This is one week when area youth who run cross country or play football, soccer, tennis or golf have to wish – just a little, at least – they were doing water polo instead.
Highs in Modesto and other parts of the Northern San Joaquin Valley are predicted to be above the century mark several days this week. Even the lowest highs are expected to be near 99.
Football coaches and soccer leagues are responding in ways like canceling practices or holding them later in the day, and making them less demanding.
Mike Coats, senior director of educational services, 7-12, who oversees athletics for Modesto City Schools, emailed principals and athletic directors that, “Athletic coaches must be particularly cognizant of high temperatures and should reschedule practices accordingly. Practice times should be reduced in length and intensity. Multiple water breaks should be provided and students should be provided opportunities to get out of the sun.”
Davis High School, for example, has moved on-field practices to 5 p.m. for Monday and Tuesday. The Spartans will spend the hottest part of the day (3 p.m.) in the classroom, breaking down film and poring over scouting reports.
Downey will practice from 3:30 to 4:35 on the field those days, but has modified its plan for player safety. Coach Jeremy Plaa has cut out nonessentials – conditioning and individual technique work – and said that for all but 20 minutes, players will practice without helmets. They’ll spend the rest of practice in the classroom breaking down film.
The Oakdale Soccer Club posted on Facebook a letter to families and coaches stating that the TL Davis Sports Park would be closed this week for soccer practices. It advised its coaches to practice at other city parks to cancel, too.
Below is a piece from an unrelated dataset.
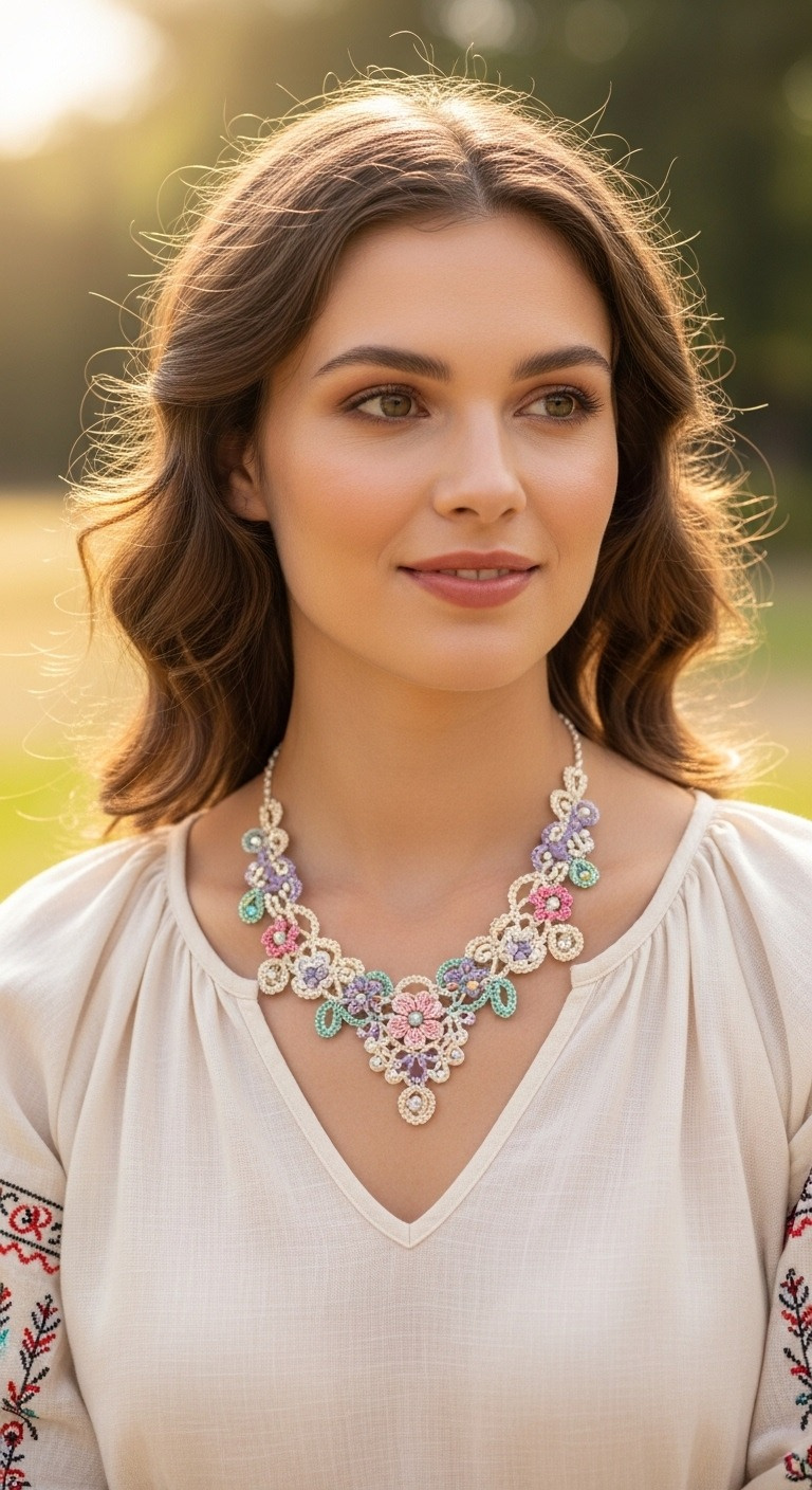 Adorn yourself with the timeless elegance of a handmade accessory! This exquisite crochet floral necklace pattern allows you to craft a delicate statement piece featuring an array of pastel blossoms and intricate lace. Perfect for adding a touch of romance to any outfit, this project is a delightful way to express your creativity through wearable art. Immerse yourself in the joy of creating something truly unique.

The club said the criteria it uses to determine unsafe playing conditions are temperature at 100 degrees or above and an air quality index in the red stage during the hours most teams generally practice, 4 to 8 p.m.
The letter advised of poor-air-quality symptoms to look for: “Kids may experience coughing and difficulty breathing, may have tightening in their chest, or a general feeling like they are ‘dragging’ and can’t seem to get their energy going.”
The club urged parents and coaches to check its website and Facebook page for updates should the heat and air quality change.
Modesto Youth Soccer Association Executive Director Carlos Zavala said MYSA families and coaches have been told much the same. Practices held at 4:30 and 5:30 p.m. will be canceled or pushed back, he said. The soccer fields at Mary Grogan Community Park, usually open weekdays from 2 p.m. to sunset, will not open to teams until 7 p.m. this week.
During the heat, Zavala said, practicing players will take water breaks every 10 minutes, and coaches will not work them on fitness. “They’ll be very static, tactical practices,” he said.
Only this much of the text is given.